The SUNRISE project is looking to develop better battery materials based on silicon as a replacement for carbon in the cell anode, and to optimise cell designs for automotive applications.
Nexeon will lead the silicon material development and scale-up stages of the project, while polymer specialist Synthomer will lead the development of a next generation polymer binder optimised to work with silicon and to ensure anode/binder cohesion during a lifetime of charges. Meanwhile, Nexeon and UCL will lead the work on material characterisation and cell performance.

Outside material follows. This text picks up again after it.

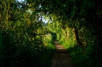 Een prachtig doorkijkje van het bos tijdens het gouden uur.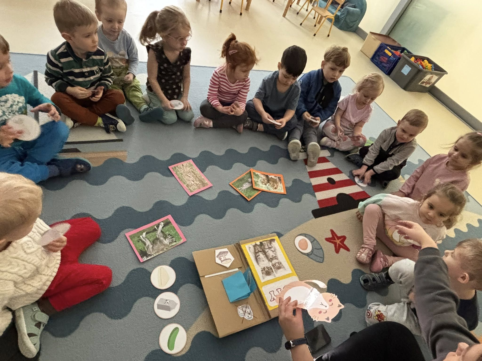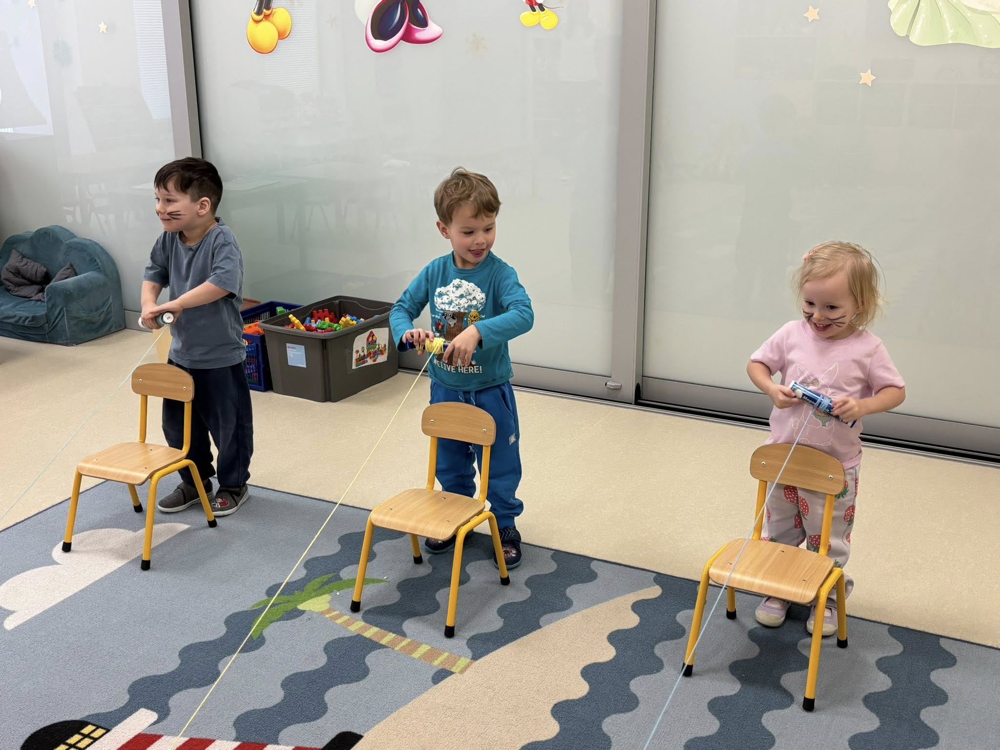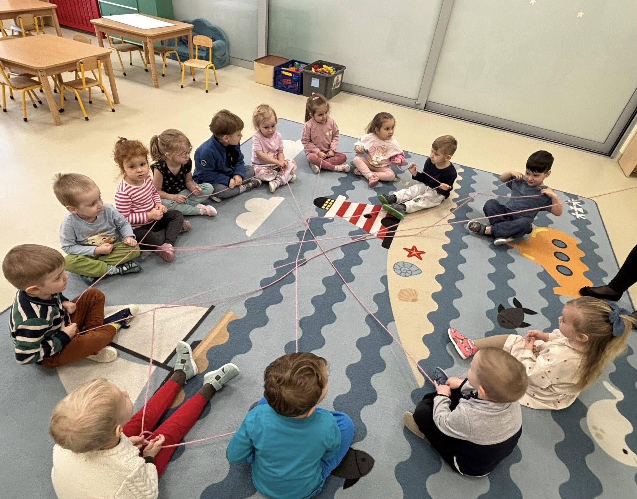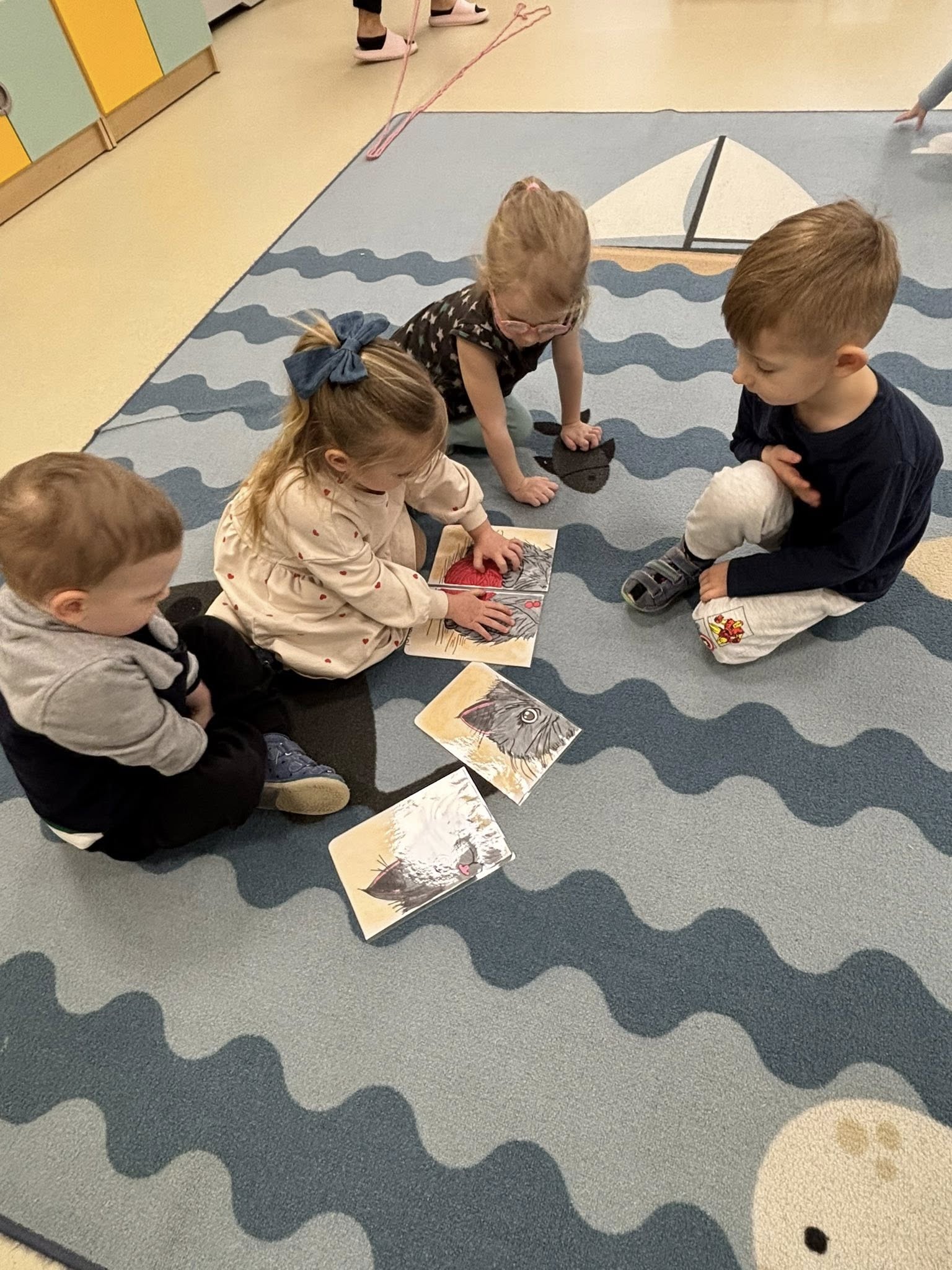 Były też „kocie” zabawy z włóczką ? – nawlekanie, przewlekanie, tworzenie motków i rozróżnianie kolorów, a także układanie puzzli. To był dzień pełen radości i nauki!

“The biggest problems facing EVs – range anxiety, cost, charge time or charging station availability – are almost all related to limitations of the batteries,” said Nexeon’s CEO Dr Scott Brown. “Silicon anodes are now well established on the technology road maps of major automotive OEMs and cell makers, and Nexeon has received support from UK and global OEMs, several of whom will be involved in this project as it develops.”
Silicon is being adopted as a partial replacement for carbon in battery anodes, typically up to a level of 10%, but problems caused by expansion during charging and discharging remain issues. SUNRISE is said to address the silicon expansion and binder system issues and to allow more silicon to be used. This latter feature will increase the cell’s energy density. Meanwhile, silicon anode materials with a polymer binder can be used as a ‘drop-in’ replacement for current graphite anode systems.
The Faraday Battery Challenge, announced in July 2017, will see £246m invested over four years to ensure the UK leads the world in the design, development and manufacture of batteries for EVs.